Monday, Oct. 4, 2002

Gutknecht

seeks to

restore relations

with Germany

Congressman hopes

to bring German

lawmakers to New Ulm

By RON LARSEN

Journal Staff Writer

NEW ULM -- U.S. Rep. Gil Gutknecht stopped in New Ulm Saturday to tell about his work in trying to improve recently deteriorating relations with Germany, as well as plans to bring a delegation of German lawmakers to New Ulm.

Gutknecht, who is seeking re-election to Congress from the 1st District, said he feels that "a lot of people don't know how involved I am with Germany."

He's vice chair, and would be the next chairman if re-elected, of the Congressional Study Group on Germany. He has two staff members who speak, read and write "perfect German," and they read the German newspapers.

"So, we stay very involved in German relations," Gutknecht said. "The ambassador calls me or calls my office, or somebody from the embassy, if they've got a question or a problem. I've gotten to know Ambassador (Gerhard) Ischinger pretty well."

So well, in fact, that Gutknecht was the second-ranking American official invited to Germany's Washington embassy for dinner on Oct. 3, the country's Unification Day.

"It's a big holiday to the Germans," he said.

He's also made several trips to Germany, has friends in the Bundestag, Germany's lower house and similar to the U.S. House of Representatives, only much larger with 662 members, and meets with members on a regular basis.

"I told them about New Ulm, and that I think New Ulm is the only city in America that has a free-standing Glockenspiel. They think that's fascinating, but what they really find fascinating is the statue of Hermann the German," Gutknecht said.

"Every elementary student in Germany has to learn the story of Hermann the German. He is a national hero; in fact, this is a bigger deal in some respects in Germany than it is to people in New Ulm. So we're going to try to get a delegation over here; in fact, we may even have a small delegation coming in December. I'm going to try to bring them down here so they can actually see the statue of Hermann," Gutknecht said.

Gutknecht said relations soured when Chancellor Gerhard Schroeder began using anti-war and anti-American rhetoric to barely win in the German elections on Sept. 22.

"So, since then, the relationship between the United States and Germany has been incredibly cool," he said.

Gutknecht said Ischinger has asked him what can be done to improve the relationship.

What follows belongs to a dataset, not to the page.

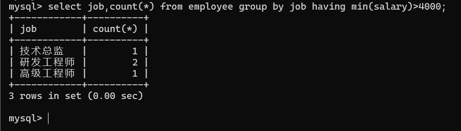 16. 列出最低薪金大于4000的各种工作及从事此工作的员工人数。

"I said, I don't know what you can do right now. I don't know President Bush real well, but I know him pretty well, and this is not a guy that's going to forget because one of Schroeder's officials in their Justice Department compared Bush to Hitler."

Gutknecht said he's also one of the few Americans to see the secret laboratory on the Baltic Sea where German scientists developed the V2 rockets and fired them at England during World War II.

"It's a camp that the Germans would like to forget about. The interesting thing is how little we knew about it before we liberated Germany," he said. "We did not know, for example, that they were also working on a multi-stage rocket to hit the United States. If we had waited another two years to get involved in World War II, they probably would have had a multi-stage rocket, jet airplanes and a nuclear weapon."